Angel's Rest Summit, Oregon
My fingernails dug into the soggy dirt as my body lurched closer to the sheer cliff face. I desperately jabbed deeper into the ground for traction. It didn't work.
I kicked frantically into a boulder on my right, trying to slow my momentum. The trail was disappearing in front of me. Fast. Two more feet and I would launch over a ledge, straight down the side of the rock face.
That's when I heard the scream. It took a minute to sort out whether the sound was coming from my lungs or somewhere ahead. Definitely ahead.
I skidded over slick jagged rocks. They jammed into my exposed skin and snagged my paper-thin T-shirt.
Damn, not the shirt.
I'd spent a wad of cash I didn't have on the shirt. When I spotted it on the rack with its pale pink ivy vine design and the words "Live. Love" on the front, it spoke to me, as Gam likes to say. Plus, it's the perfect blend of Northwest chic—equal parts hippie and hipster.
At that moment I looked up to see a man's body plummet over the ledge.
I should have been concerned that I was losing ground and about to fly off after him. Instead, all I could think about was that I never should have taken that umbrella.
Yep, an umbrella.
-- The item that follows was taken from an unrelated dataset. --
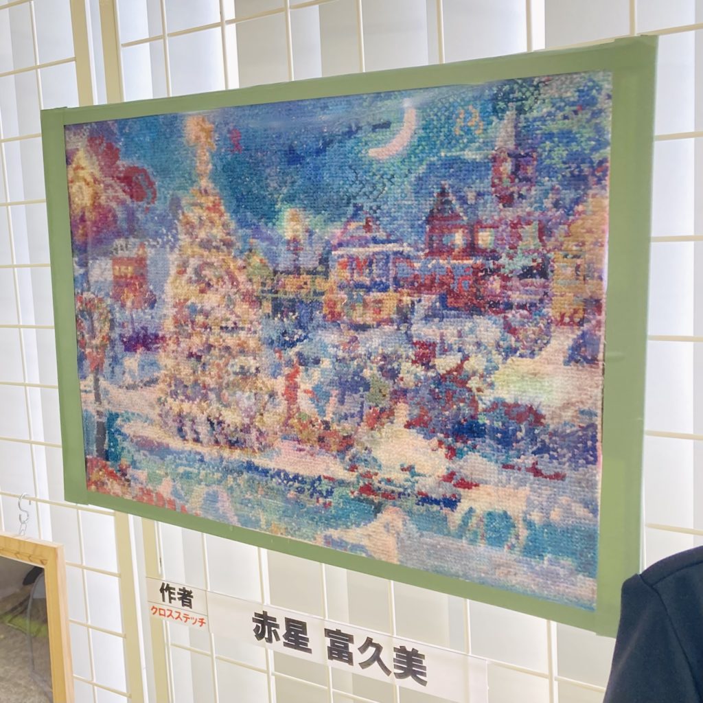 ・クリスマスシーンを切り取った刺しゅうのダブルステッチ

It all started four months ago with a lousy umbrella.
The winter had been particularly wet. So wet, in fact, that I almost considered my mother's nagging advice. "Mary Margaret Reed, you need to invest in an umbrella." Mother would never be caught without her Burberry checkered print umbrella.
I, on the other hand, have held a firm belief since childhood that no one should ever use an umbrella. We live in Portland, Oregon, where it rains 256 days a year. Umbrellas are for tourists and people who live in the Pearl, the pretentious upscale neighborhood where I'd been crashing on my best friend Jill's couch.
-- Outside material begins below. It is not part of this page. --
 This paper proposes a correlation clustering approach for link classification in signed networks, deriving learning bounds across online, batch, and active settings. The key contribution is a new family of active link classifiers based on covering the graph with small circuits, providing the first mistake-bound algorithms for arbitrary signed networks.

Don't get me wrong; my bestie, Jill Pettygrove, isn't the least bit pretentious. Her neighborhood is. There's a lengthy waiting list for a coveted spot in Jill's building, with its swanky lofts, roof-top garden and nightly cocktails. Of course most of these amenities are completely lost on Jill.
Bumming on her couch wasn't exactly how I planned to launch into the working world after graduating from college last summer, but I didn't have any other options.
Okay, fine, that's not entirely true. My dad, "Pops" as I called him, begged me to move back to the family farmhouse to keep him company, but the thought of my Pepto-Bismol pink bedroom and Pops' collection of old newspapers stacked in every corner of the dilapidated farmhouse made me pass on his offer—a decision I regret daily. He died in a freak accident almost a year ago. I haven't been back since.
Gam, my grandmother and mystic healer, offered me her spare room. For the record, she most certainly is not the umbrella type. If I moved in with her I couldn't imagine where she'd store her tools, as she calls them. She'd have to box up her Native American drums, crystals, gems, candles for smudging and essential oils.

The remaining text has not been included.